教育逍遙 -小学校教育の小径をそぞろ歩き-

小学校教員として歩んできた小径が、若い仲間のみなさんの道標になることを願って…。

日本語探訪(その72) ことわざ「毒を食らわば皿まで」

小学校3・4年生の教科書に登場することわざの第19回は「毒を食らわば皿まで」です。教科書の表記は、「毒をくらわば皿まで」となっています。

 

毒を食らわば皿まで

 

「毒を食らわば皿まで」の読み方

 どくをくらわばさらまで

 

「毒を食らわば皿まで」の意味

いったん罪を犯した以上、もはや後戻りはできないから、ためらうことなく悪に徹せよ、というたとえ。
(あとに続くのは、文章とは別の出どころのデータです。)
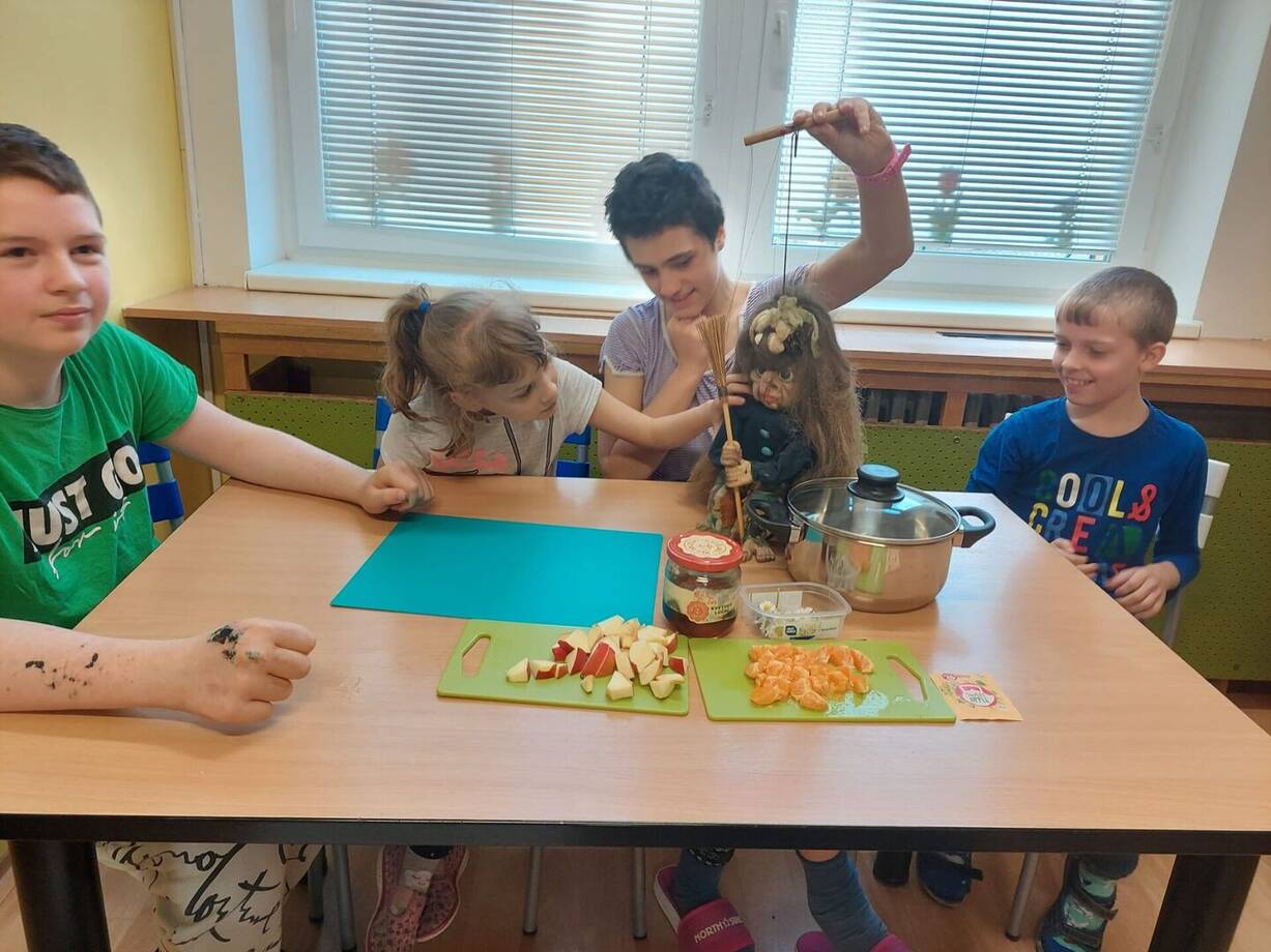Uvařili jsme elixír zdraví podle tajného receptu čarodějnice Malvíny a čarodějnice jsme si také vyrobili.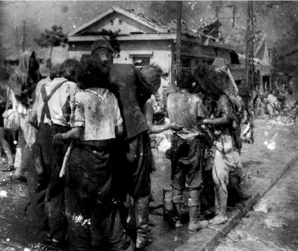 1945年,广岛原子弹爆炸十分钟后的街头,房屋墙体破损、满目疮痍,马路上聚集的幸存者个个衣衫褴褛、浑身沾满尘土污渍,有的用破旧布片遮掩受伤的头部,有的相互搀扶着佝偻起身体,身形慌乱又狼狈。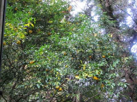 下の方にたくさん生ってるけど、下の方でも、脚立や高枝バサミを使わないと採れないですが・・・。

(ことわざを知る辞典)

 

「毒を食らわば皿まで」の使い方

今になって、急にみね代を避けはじめるなど、あまりに私がわがまますぎるようだ。宗珠はうしろめたい気持ちになる。と言って、毒くわば皿までという図太い心になりきることは出来なかった。(丹羽文雄菩提樹』1955年) 

 

「毒を食らわば皿まで」の語源・由来

「毒を食らわば皿まで」の語源・由来については不明です。

江戸時代には、「毒食わば皿舐(ね)ぶれ」などの形で出てきます。

松江重頼『毛吹草(けふきぐさ)』(1638年)
「どくくはゞさらねぶれ」

曲亭馬琴南総里見八犬伝』(1814年~1842年)

「世の諺を引くにあらねど、毒を喰はゞ皿を舐れ」

 

「毒を食らわば皿まで」の蘊蓄

「毒を食らわば皿まで」の類義語

尾を踏まば頭まで
濡れぬ先こそ露をも厭え」(ぬれぬさきこそつゆをもいとえ)…濡れる前は露をさえ厭うが、いったん濡れてしまうと、いくら濡れてもかまわなくなる。一度過ちを犯すと、もっとひどい過ちを平気で犯すようになることのたとえ。